**WHAT YOU SHOULD DO**
Write out, without any change, the lines in the material below that run from the line with "salve, sul mio" through the line with "- В узком коридоре", both included.

**AVAILABLE DATA**
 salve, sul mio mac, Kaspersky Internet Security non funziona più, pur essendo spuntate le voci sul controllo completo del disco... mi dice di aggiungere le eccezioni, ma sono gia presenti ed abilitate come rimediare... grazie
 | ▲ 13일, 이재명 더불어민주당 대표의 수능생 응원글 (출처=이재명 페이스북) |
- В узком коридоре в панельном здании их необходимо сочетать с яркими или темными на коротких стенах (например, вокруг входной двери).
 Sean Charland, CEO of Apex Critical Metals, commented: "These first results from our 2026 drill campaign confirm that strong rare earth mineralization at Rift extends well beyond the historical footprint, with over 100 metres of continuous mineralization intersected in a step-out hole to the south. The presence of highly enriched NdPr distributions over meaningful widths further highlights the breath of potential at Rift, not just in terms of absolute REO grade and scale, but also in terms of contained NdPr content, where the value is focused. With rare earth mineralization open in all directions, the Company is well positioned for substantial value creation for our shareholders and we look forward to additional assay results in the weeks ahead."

* * *

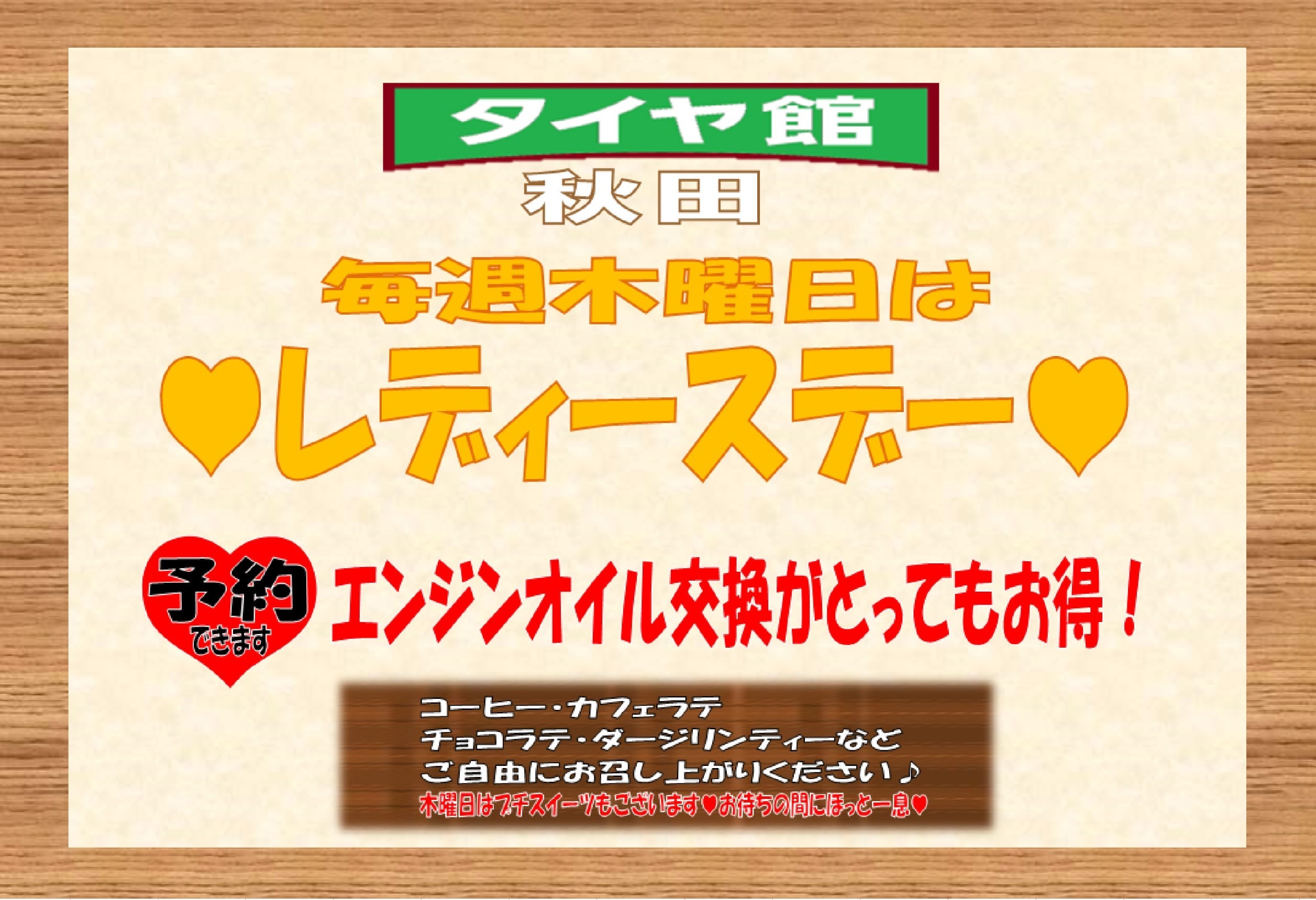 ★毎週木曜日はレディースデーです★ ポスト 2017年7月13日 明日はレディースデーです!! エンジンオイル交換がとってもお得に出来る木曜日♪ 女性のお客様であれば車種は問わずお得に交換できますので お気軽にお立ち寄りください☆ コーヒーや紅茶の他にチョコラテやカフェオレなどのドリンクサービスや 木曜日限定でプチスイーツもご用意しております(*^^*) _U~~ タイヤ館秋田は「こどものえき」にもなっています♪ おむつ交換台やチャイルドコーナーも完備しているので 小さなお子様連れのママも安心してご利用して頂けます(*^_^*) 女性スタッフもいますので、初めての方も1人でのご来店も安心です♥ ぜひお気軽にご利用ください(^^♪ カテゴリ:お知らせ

**WORKED SOLUTION**
 salve, sul mio mac, Kaspersky Internet Security non funziona più, pur essendo spuntate le voci sul controllo completo del disco... mi dice di aggiungere le eccezioni, ma sono gia presenti ed abilitate come rimediare... grazie
 | ▲ 13일, 이재명 더불어민주당 대표의 수능생 응원글 (출처=이재명 페이스북) |
- В узком коридоре в панельном здании их необходимо сочетать с яркими или темными на коротких стенах (например, вокруг входной двери).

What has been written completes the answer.